WHAT TO DO -
What you return must be an exact copy of the lines in the listing below between the line holding "데이터 베이스는 noSQL인 mongoDB를 사용한다." and the line holding "Mavi renkli, düğmeli, cepli", inclusive, and nothing more.

INFORMATION SUPPLIED -

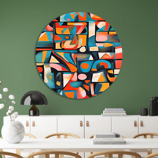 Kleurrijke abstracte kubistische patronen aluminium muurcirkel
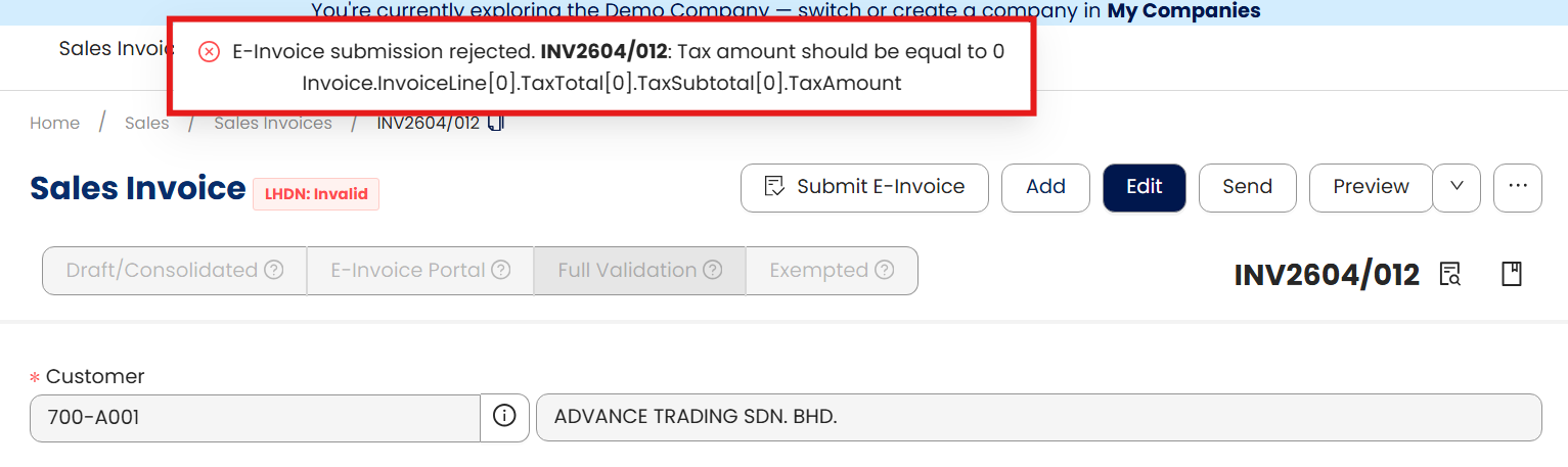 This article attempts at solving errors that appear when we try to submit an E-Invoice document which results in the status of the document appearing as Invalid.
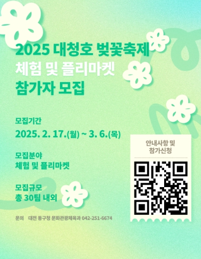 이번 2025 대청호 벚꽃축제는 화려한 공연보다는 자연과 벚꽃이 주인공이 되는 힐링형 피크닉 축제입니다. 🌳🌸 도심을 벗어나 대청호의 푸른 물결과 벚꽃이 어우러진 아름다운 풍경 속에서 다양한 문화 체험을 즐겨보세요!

...

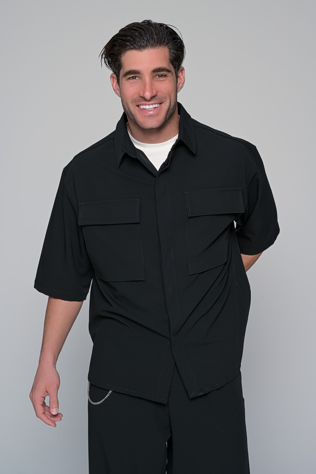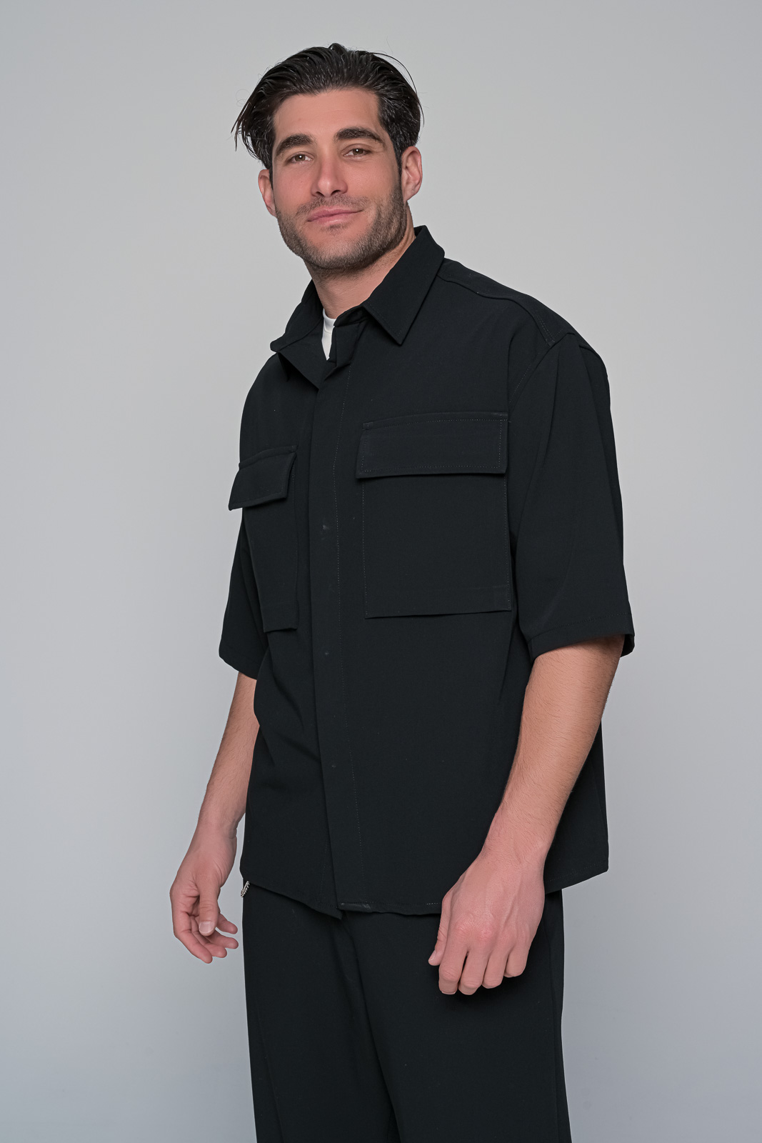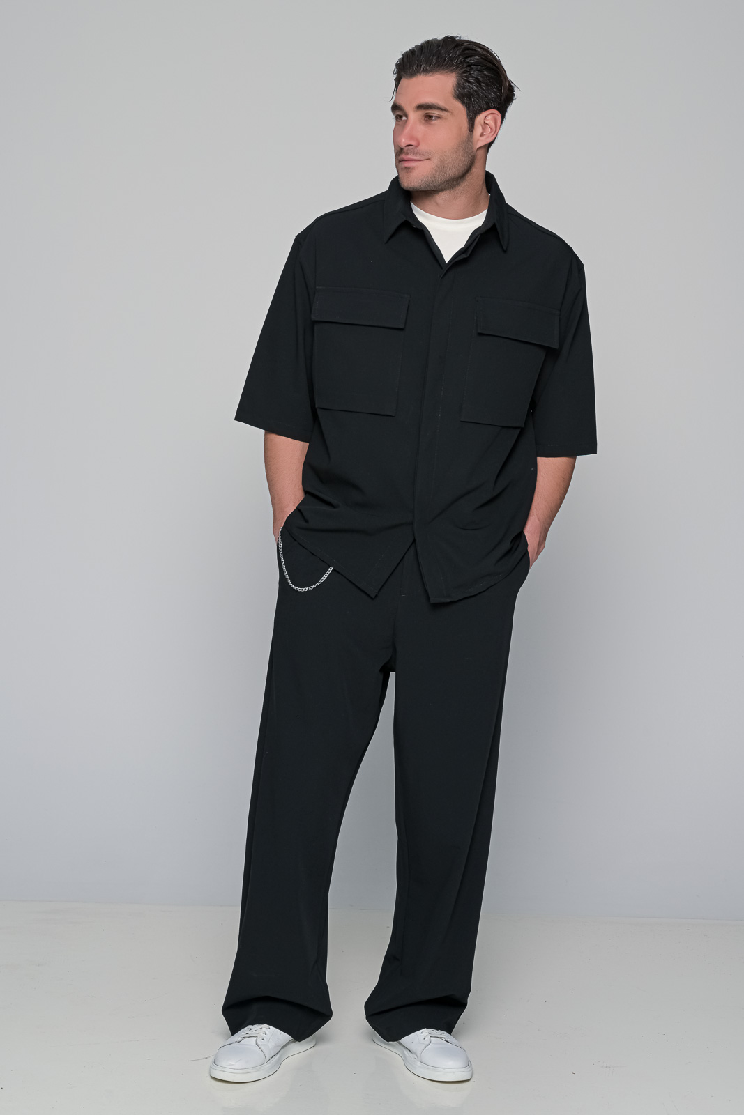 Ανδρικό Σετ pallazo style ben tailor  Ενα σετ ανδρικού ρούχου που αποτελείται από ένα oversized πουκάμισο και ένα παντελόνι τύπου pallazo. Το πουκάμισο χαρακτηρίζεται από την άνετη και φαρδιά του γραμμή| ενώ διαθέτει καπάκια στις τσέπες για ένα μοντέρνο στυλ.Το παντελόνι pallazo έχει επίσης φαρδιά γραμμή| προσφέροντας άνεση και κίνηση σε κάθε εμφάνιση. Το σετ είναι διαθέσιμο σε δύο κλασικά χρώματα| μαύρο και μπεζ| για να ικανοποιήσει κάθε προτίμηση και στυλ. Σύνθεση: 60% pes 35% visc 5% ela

==

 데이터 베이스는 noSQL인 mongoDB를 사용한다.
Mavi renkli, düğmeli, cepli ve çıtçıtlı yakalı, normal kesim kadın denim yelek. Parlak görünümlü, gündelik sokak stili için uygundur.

THE COMPLETED TASK -
 데이터 베이스는 noSQL인 mongoDB를 사용한다.
Mavi renkli, düğmeli, cepli ve çıtçıtlı yakalı, normal kesim kadın denim yelek. Parlak görünümlü, gündelik sokak stili için uygundur.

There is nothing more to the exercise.